### INPUT MATERIAL
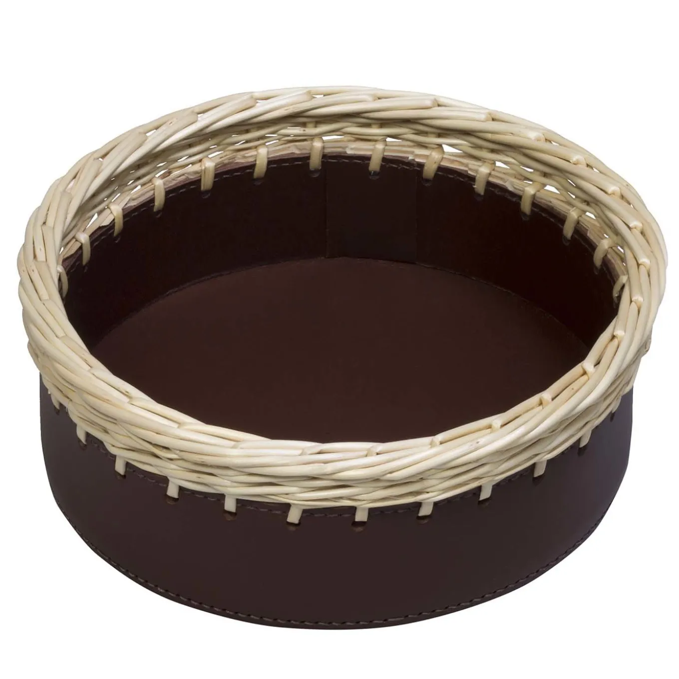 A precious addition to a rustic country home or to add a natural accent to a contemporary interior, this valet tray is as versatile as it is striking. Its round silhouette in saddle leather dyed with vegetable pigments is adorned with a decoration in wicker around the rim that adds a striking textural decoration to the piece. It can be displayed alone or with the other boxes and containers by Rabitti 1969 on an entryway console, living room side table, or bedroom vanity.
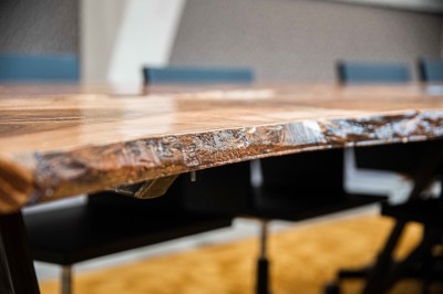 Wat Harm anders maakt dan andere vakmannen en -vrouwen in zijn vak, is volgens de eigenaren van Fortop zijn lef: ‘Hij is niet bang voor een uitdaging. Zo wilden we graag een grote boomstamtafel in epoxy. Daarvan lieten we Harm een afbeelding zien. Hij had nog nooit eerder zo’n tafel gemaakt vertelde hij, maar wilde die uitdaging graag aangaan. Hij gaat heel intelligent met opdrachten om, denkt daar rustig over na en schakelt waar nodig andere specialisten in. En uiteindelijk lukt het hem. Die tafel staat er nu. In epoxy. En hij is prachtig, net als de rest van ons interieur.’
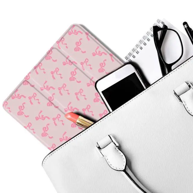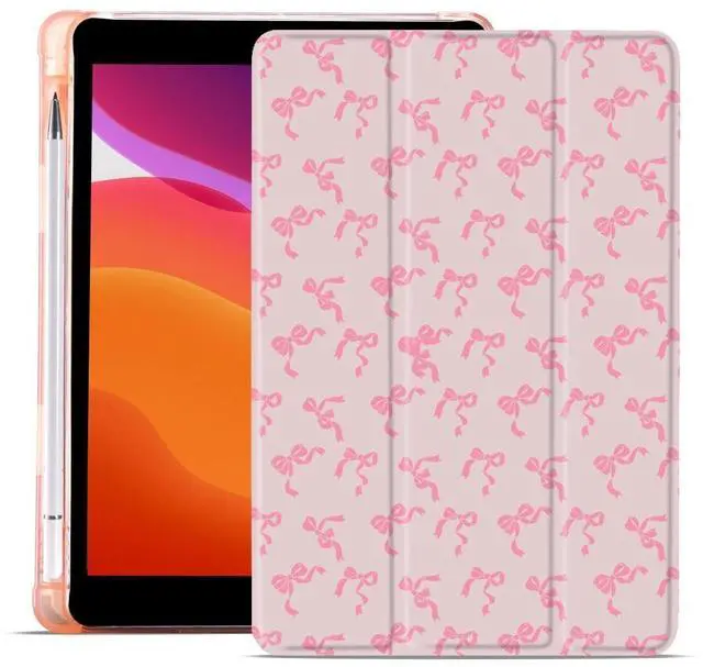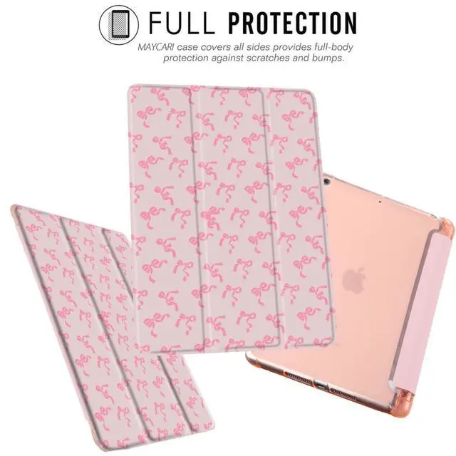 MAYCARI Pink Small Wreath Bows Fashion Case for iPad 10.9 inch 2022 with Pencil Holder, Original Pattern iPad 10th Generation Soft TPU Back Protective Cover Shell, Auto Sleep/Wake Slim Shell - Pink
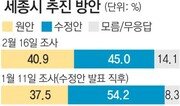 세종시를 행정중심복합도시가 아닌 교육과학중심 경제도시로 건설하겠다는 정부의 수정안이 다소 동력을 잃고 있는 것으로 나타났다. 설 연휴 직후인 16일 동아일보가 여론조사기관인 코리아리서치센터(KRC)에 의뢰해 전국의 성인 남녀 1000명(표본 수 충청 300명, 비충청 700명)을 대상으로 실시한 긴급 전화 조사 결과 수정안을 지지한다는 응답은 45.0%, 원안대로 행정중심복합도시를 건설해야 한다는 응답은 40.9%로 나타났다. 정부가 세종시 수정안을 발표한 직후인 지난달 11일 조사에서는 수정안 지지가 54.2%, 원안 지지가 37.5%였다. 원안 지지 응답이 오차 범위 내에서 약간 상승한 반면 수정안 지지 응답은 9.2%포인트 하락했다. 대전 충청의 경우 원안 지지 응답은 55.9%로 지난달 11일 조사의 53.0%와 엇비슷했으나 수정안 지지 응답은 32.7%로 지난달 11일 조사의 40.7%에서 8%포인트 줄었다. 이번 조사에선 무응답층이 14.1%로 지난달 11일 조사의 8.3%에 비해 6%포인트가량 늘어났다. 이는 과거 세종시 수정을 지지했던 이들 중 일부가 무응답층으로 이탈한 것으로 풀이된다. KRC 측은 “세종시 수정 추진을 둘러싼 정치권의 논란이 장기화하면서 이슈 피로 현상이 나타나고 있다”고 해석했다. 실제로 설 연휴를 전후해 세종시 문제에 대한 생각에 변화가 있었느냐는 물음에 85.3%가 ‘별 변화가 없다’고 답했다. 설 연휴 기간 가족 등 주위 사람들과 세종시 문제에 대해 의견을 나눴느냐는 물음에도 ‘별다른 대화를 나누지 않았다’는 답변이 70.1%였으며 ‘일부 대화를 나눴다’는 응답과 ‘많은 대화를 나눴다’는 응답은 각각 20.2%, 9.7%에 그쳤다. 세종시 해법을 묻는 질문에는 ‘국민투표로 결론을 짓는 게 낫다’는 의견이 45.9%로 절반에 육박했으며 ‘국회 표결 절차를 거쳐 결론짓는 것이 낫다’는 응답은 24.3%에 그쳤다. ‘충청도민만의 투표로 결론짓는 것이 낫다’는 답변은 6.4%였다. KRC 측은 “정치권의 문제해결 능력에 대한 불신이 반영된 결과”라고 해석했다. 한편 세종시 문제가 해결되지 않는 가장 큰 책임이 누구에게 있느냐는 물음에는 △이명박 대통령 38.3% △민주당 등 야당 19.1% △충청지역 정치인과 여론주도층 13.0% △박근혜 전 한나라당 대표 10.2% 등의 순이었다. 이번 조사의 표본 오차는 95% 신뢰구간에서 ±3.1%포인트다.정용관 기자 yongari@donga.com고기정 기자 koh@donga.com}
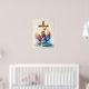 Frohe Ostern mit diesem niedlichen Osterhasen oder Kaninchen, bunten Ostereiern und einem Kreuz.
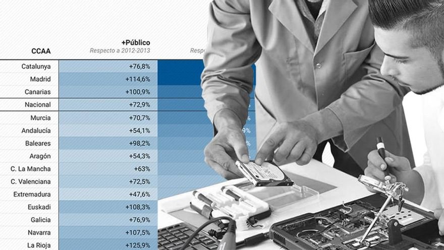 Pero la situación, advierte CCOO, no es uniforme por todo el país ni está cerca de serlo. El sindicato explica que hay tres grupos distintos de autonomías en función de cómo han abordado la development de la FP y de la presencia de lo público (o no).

### TASK DETAILS
Return the material as it stands. Leave out the pictures.

### RESPONSE TO THIS TASK
 A precious addition to a rustic country home or to add a natural accent to a contemporary interior, this valet tray is as versatile as it is striking. Its round silhouette in saddle leather dyed with vegetable pigments is adorned with a decoration in wicker around the rim that adds a striking textural decoration to the piece. It can be displayed alone or with the other boxes and containers by Rabitti 1969 on an entryway console, living room side table, or bedroom vanity.
 Wat Harm anders maakt dan andere vakmannen en -vrouwen in zijn vak, is volgens de eigenaren van Fortop zijn lef: ‘Hij is niet bang voor een uitdaging. Zo wilden we graag een grote boomstamtafel in epoxy. Daarvan lieten we Harm een afbeelding zien. Hij had nog nooit eerder zo’n tafel gemaakt vertelde hij, maar wilde die uitdaging graag aangaan. Hij gaat heel intelligent met opdrachten om, denkt daar rustig over na en schakelt waar nodig andere specialisten in. En uiteindelijk lukt het hem. Die tafel staat er nu. In epoxy. En hij is prachtig, net als de rest van ons interieur.’
 MAYCARI Pink Small Wreath Bows Fashion Case for iPad 10.9 inch 2022 with Pencil Holder, Original Pattern iPad 10th Generation Soft TPU Back Protective Cover Shell, Auto Sleep/Wake Slim Shell - Pink
 세종시를 행정중심복합도시가 아닌 교육과학중심 경제도시로 건설하겠다는 정부의 수정안이 다소 동력을 잃고 있는 것으로 나타났다. 설 연휴 직후인 16일 동아일보가 여론조사기관인 코리아리서치센터(KRC)에 의뢰해 전국의 성인 남녀 1000명(표본 수 충청 300명, 비충청 700명)을 대상으로 실시한 긴급 전화 조사 결과 수정안을 지지한다는 응답은 45.0%, 원안대로 행정중심복합도시를 건설해야 한다는 응답은 40.9%로 나타났다. 정부가 세종시 수정안을 발표한 직후인 지난달 11일 조사에서는 수정안 지지가 54.2%, 원안 지지가 37.5%였다. 원안 지지 응답이 오차 범위 내에서 약간 상승한 반면 수정안 지지 응답은 9.2%포인트 하락했다. 대전 충청의 경우 원안 지지 응답은 55.9%로 지난달 11일 조사의 53.0%와 엇비슷했으나 수정안 지지 응답은 32.7%로 지난달 11일 조사의 40.7%에서 8%포인트 줄었다. 이번 조사에선 무응답층이 14.1%로 지난달 11일 조사의 8.3%에 비해 6%포인트가량 늘어났다. 이는 과거 세종시 수정을 지지했던 이들 중 일부가 무응답층으로 이탈한 것으로 풀이된다. KRC 측은 “세종시 수정 추진을 둘러싼 정치권의 논란이 장기화하면서 이슈 피로 현상이 나타나고 있다”고 해석했다. 실제로 설 연휴를 전후해 세종시 문제에 대한 생각에 변화가 있었느냐는 물음에 85.3%가 ‘별 변화가 없다’고 답했다. 설 연휴 기간 가족 등 주위 사람들과 세종시 문제에 대해 의견을 나눴느냐는 물음에도 ‘별다른 대화를 나누지 않았다’는 답변이 70.1%였으며 ‘일부 대화를 나눴다’는 응답과 ‘많은 대화를 나눴다’는 응답은 각각 20.2%, 9.7%에 그쳤다. 세종시 해법을 묻는 질문에는 ‘국민투표로 결론을 짓는 게 낫다’는 의견이 45.9%로 절반에 육박했으며 ‘국회 표결 절차를 거쳐 결론짓는 것이 낫다’는 응답은 24.3%에 그쳤다. ‘충청도민만의 투표로 결론짓는 것이 낫다’는 답변은 6.4%였다. KRC 측은 “정치권의 문제해결 능력에 대한 불신이 반영된 결과”라고 해석했다. 한편 세종시 문제가 해결되지 않는 가장 큰 책임이 누구에게 있느냐는 물음에는 △이명박 대통령 38.3% △민주당 등 야당 19.1% △충청지역 정치인과 여론주도층 13.0% △박근혜 전 한나라당 대표 10.2% 등의 순이었다. 이번 조사의 표본 오차는 95% 신뢰구간에서 ±3.1%포인트다.정용관 기자 yongari@donga.com고기정 기자 koh@donga.com}
 Frohe Ostern mit diesem niedlichen Osterhasen oder Kaninchen, bunten Ostereiern und einem Kreuz.
 Pero la situación, advierte CCOO, no es uniforme por todo el país ni está cerca de serlo. El sindicato explica que hay tres grupos distintos de autonomías en función de cómo han abordado la development de la FP y de la presencia de lo público (o no).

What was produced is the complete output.